An age- and sex-matched control group was examined with the same imaging protocols used to examine the patient group, with the exception that the control subjects did not receive a gadolinium chelate. In addition, the diffusion study was performed in only seven of the 10 control subjects. This control group consisted of healthy children (three boys and seven girls) from the community who ranged in age from 4 to 9 years (mean age, 6 years ± 1). These children were healthy and did not have any neurologic symptoms or signs. There was no statistically significant difference in age or sex between the patient group and the control group, as confirmed with the t test (P = .394) and the Fisher exact test (P = .673), respectively.

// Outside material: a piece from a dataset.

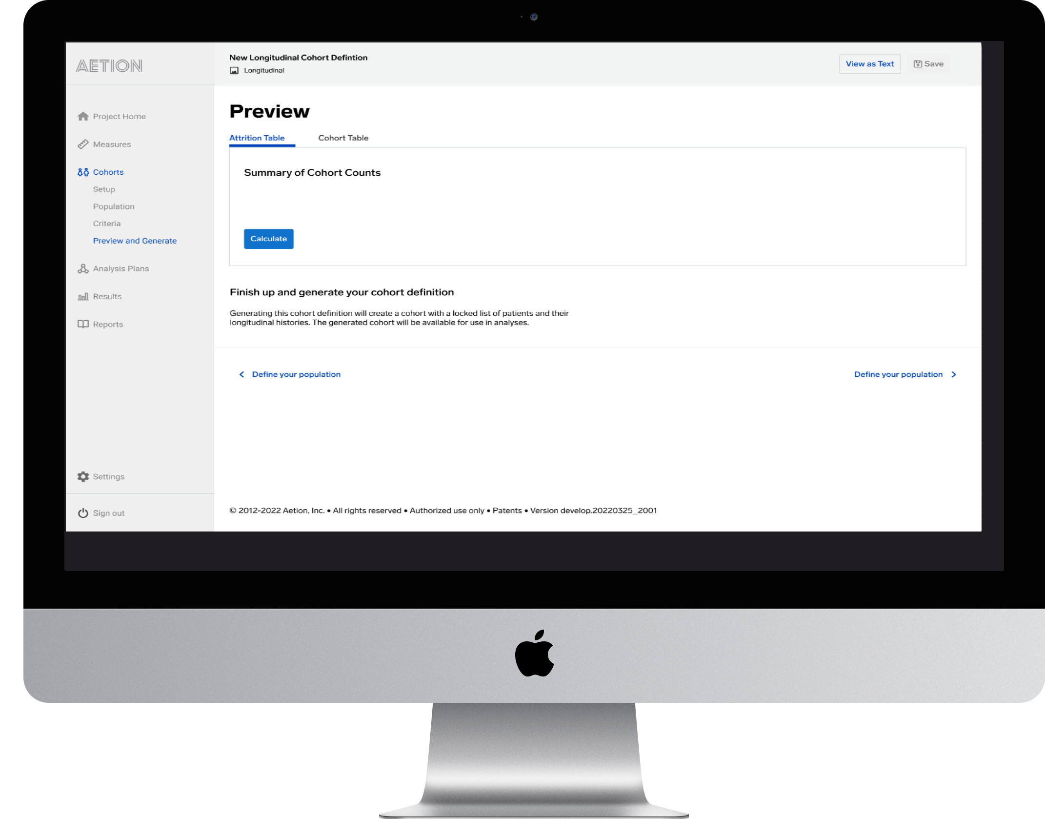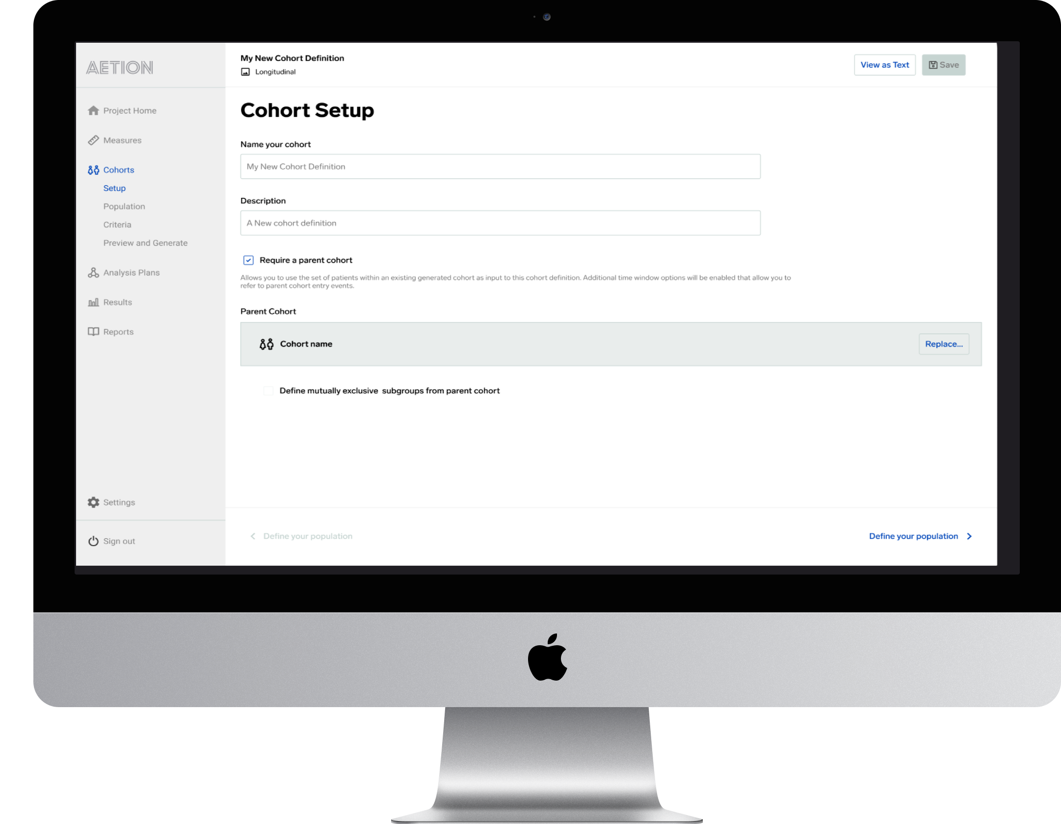 The Aetion platform in its current state of cohort definition used a sidebar to guide the user through the series of steps as they defined their population. We found through our conversations that the users would get through a few steps (choose the cohort type, choose the dataset, name the cohort, select a parent cohort, etc.), and realize that as they were making some of these decisions that they would be locked into a ‘siloed’ flow, one where there was no return. So, if they decided that they made a mistake, or changed their mind early on, there was no way to back out without starting over.

Our hospital ethics committee approved this study, and the parents of the children in the patient and the control groups provided written informed consent for participation.

MR Imaging
All MR imaging examinations were performed with the same 1.5-T MR imaging unit (Signa Horizon LX; GE Medical Systems, Milwaukee, Wis). The MR imaging protocol included acquisition of the following transverse images: T1-weighted images (repetition time msec/echo time msec, 466/19), T2-weighted images (4500/120; echo train length, eight), and fluid-attenuated inversion recovery images (repetition time msec/echo time msec/inversion time msec, 11 002/148/2200). The section thickness was 5 mm, and the field of view varied between 18 and 24 cm. We also obtained transverse, coronal, and sagittal T1-weighted images after the administration of 0.1 mmol per kilogram of body weight of a gadolinium chelate; the brand of gadolinium chelate used varied during the course of this investigation. Two radiologists (C.C.L. and M.T.C.L.; 11 and 5 years of experience, respectively) independently evaluated the MR imaging results and described the location of WM involvement and classified it as focal (consisting of sparse lesions) or diffuse (consisting of confluent lesions that sometimes extended to the arcuate fibers). The presence or absence of brain malformations was also recorded.

Before gadolinium chelate administration, two single-voxel 1H MR spectroscopic acquisitions were performed in regions containing affected WM. One acquisition was performed in the frontal WM (FWM) and one was performed in the parieto-occipital WM (POWM) (Fig 1) in both the patients and the control subjects. The voxel was always positioned by the same radiologist (M.O.R.C.; 5 years of experience), and its size was 2 x 2 x 2 cm3. The 1H MR spectroscopic sequence was a 90°-90°-90° stimulated-echo acquisition mode pulse sequence with the following parameters: 1500/30; mixing time, 13.7 msec; number of acquisitions, 128; and number of phase cycle steps, eight. The stimulated-echo acquisition mode sequence was preceded by an automatic preacquisition procedure that included adjustment of transmitter and receiver gains, optimization of the flip angle for water suppression, and shimming for the chosen voxel, which was graphically selected on a T2-weighted localizer image (3000/88; echo train length, 22; section thickness, 5 mm). The water peak line width was never broader than 5 Hz after the preacquisition procedure.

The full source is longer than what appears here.